Electricity Minister Kgosientsho Ramokgopa has reiterated the government’s stance not to go ahead with plans to decommission some of the power stations because of load shedding.
Ramokgopa said they had also spoken to their international partners on the Just Energy Transition about plans to reschedule or delay the decommissioning of power plants.
President Cyril Ramaphosa also confirmed this a few weeks ago, saying the country needed to invest in these power stations as they provided much needed energy.
Energy Minister Gwede Mantashe told Parliament this week that it was a mistake to decommission Komati power station in Mpumalanga.
In his plan that he presented to Cabinet recently, Ramokgopa had highlighted the need to delay decommissioning coal-fired stations as the country needed to find a lasting solution to the energy crisis first.
Ramokgopa told a media briefing on Friday that Camden power station was due to be shut down.

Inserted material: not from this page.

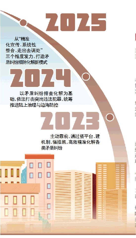 □ 本报记者 马艳 □ 本报通讯员 孔莉 唐贵斌 滨海而立承千年文脉,向海而兴护万家安宁。 广西壮族自治区钦州市,一座坐落于北部湾北岸的滨海运河城市,1400余年的历史积淀正与世纪运河的建设热潮交相辉映,平安建设与城市发展同频共振。 锚定“建设更高水平平安钦州”的目标,钦州聚焦护航重大工程、保障支柱产业、筑牢边海防线等重点工作,以系统思维织密社会治安综合治理防控网,为滨海运河城市高质量发展筑牢安全屏障。 2023年: 精准护航重大项目 2023年,钦州迎来平安建设新突破——成功获评“全国市域社会治理现代化试点合格城市”,经验做法《资源整合 联防联控 完善西部陆海新通道治安防控体系》入选65个“全国市域社会治理现代化试点优秀创新经验”。 这份荣誉的取得,源于钦州政法部门围绕中心、服务大局的实干担当,更离不开扎根一线的法治实践。 2022年8月28日,“世纪工程”平陆运河项目开工建设。运河建设,平安为先。重大工程推进到哪里,政法服务保障工作就延伸到哪里。 在灵山县旧州镇平陆运河马道枢纽建设现场,紧贴施工一线的“马道法治驿站”成为保障平陆运河工程推进的综合性法治保障前沿阵地。“法治驿站”整合法官、检察官、民警、调解员力量常驻,提供政策咨询、纠纷调解、法律服务等“一站式”服务。 “发展的前提是平安稳定,发展的脚步越快,平安的基石就要越牢。”灵山县委常委、政法委书记黄高钊介绍说,该县政法机关闻令而动,主动靠前,通过搭平台、建机制、强措施,高效精准化解各类矛盾纠纷,有力保障项目和谐征搬、妥善安置、顺利建设。 面对平陆运河穿境而过的情况,灵山县旧州镇同步开展“平安家访”。村级每周发布家访公告,来自乡镇和县直单位的干部相继走访全镇30个村(社区),收集矛盾纠纷线索与民情诉求,建立起“村级排查—片区调解—镇级研判—县级调度”四级处置链条。 平陆运河建设涉及钦州市公安局文峰派出所辖区52户197人搬迁,情况复杂、任务艰巨。93岁的冯奶奶在运河边生活了一辈子,对故土怀有深厚情感。 为解开老人的心结,社区民警连续13天登门陪伴,耐心向老人描绘平陆运河建成后,通航兴业、惠及子孙的长远图景,让老人理解搬迁不仅是支持国家重大工程,更是为后代铺就幸福生活之路。冯奶奶听后,不仅同意搬迁,还主动加入动员队伍,帮助说服邻里支持搬迁工作。 文峰派出所党支部与平陆运河集团(标段)党组织结对共建,精心打造“运河红帆、文峰先锋”党建品牌,6名社区民警全部进入社区“两委”班子,实现从警务工作“局外人”到“自家人”、从“上门办事”到“在家理事”的转变。 2024年: 筑牢边海安全防线 作为滨海城市,钦州海岸线绵长。2024年,钦州以矛盾纠纷排查化解为基础,依法打击突出违法犯罪,统筹推进陆上治理与边海防控。 在矛盾纠纷化解领域,钦州将社会治安综合治理触角延伸至基层末梢。钦北区大寺镇依托镇村两级党组织在群众聚集点设置21个“书记接访室”,各级党组织书记主动公开联系方式,对群众反映的问题建立问题、责任、销号“三清单”制度,对矛盾纠纷建立“书记评理团”开展调解,推动党组织书记“真管事”“解决事”“能干事”。 钦北区人民法院大寺法庭在设立壮语巡回法庭试点汉壮双语审判的基础上,于2022年6月设立钦北区法院民族团结巡回法庭,全面推行普通话+本地民族语言的双语审判,组建“通民语、晓民俗、专业强”的双语审判团队,入驻4个乡镇综治中心,织密多元解纷安全网。2024年,法庭新收案件539件,同比下降19.91%。 文峰派出所创新“智慧门牌+巡防联动”模式,整合专业警力与群防群治力量,积极为群众办理民生实事,2024年,该所投诉响应率、办结率和满意率达100%,刑事治安案件数量保持下降,用实际行动守护街头巷尾的平安。 面对新时代平安工作的新挑战、新要求,钦州聚焦海上违法犯罪痛点,将“打击”与“防范”职能落到实处。 在钦南区辣椒槌村,当地整合村“两委”干部、渔民志愿者、网格员力量组建“潮汐巡逻队”,根据潮汐规律,对重点岸段实施不间断的巡逻监控,实现“岸线有人守、海上有人巡”。近三年来,全村无个人极端案事件,无走私、偷渡等涉边违法犯罪案件发生。 钦南区龙门港镇成立平安渔业示范镇建设专班,对乡镇船舶实行网格化管理,逐船精准摸排“三无”船舶,联合多部门严厉打击非法捕捞等行为。 2024年,钦州市重点警情下降明显,案件打击效能提升明显,全市发生电诈刑事案件数、群众损失数、涉案“两卡”数分别同比下降,降幅均为广西第一;侦破的特大海上走私专案入选公安部10起打击海上走私典型案例;侦破跨境走私假烟案,涉案金额达2亿多元。 2025年: 规范综治中心建设 2025年,钦州将社会治安综合治理中心规范化建设作为核心抓手,推动治理资源整合、效能升级,构建“一站式受理、一揽子调处、全链条解决”的工作体系,让社会治安综合治理更高效、更暖心。 走进浦北县社会治安综合治理中心,宽敞明亮的大厅内,诉讼服务、检察服务、公共法律服务等5大平台集中整合,实现“只进一扇门、最多跑一地”的综治服务新模式。 在浦北县综治中心办公室里,“公正调解解民忧 为民服务暖人心”“跨域协作显担当 千里寻亲续亲情”等15面锦旗,见证了群众对综治中心工
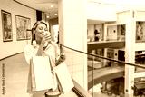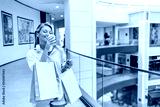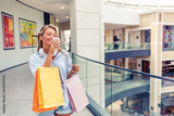 Beautiful young woman with shopping bags smiling and drinking a takeaway cup of coffee, indoors.

But this would be delayed as part of measures to minimise the impact of the power crisis.
He said Camden was one of the top performing power stations.
“The point we are making on the rescheduling, rather delayed decommissioning of these power plants, we had made a case that as we speak now there are about three units at Camden that are meant to go out. If you look at them they give us 140MW each. That gives us 420MW that is in line to be decommissioned. As we speak now we are short of megawatts. If you look at Camden it’s within the top five performing power stations.
“I don’t think it helps us to decommission those (power stations) that are performing. What we are saying is that delay the decommissioning,” said Ramokgopa.
The government was given billions of rand by the developed countries to fast-track the shutdown of coal-fired power stations.
This was part of the Just Energy Transition programme.
But the government has taken a different stance after the projections for load shedding showed the country was not out of the woods yet.
Ramokgopa had presented a six-month plan to reduce the severity and frequency of load shedding.
But there was also an 18-24 month plan to address the energy crisis.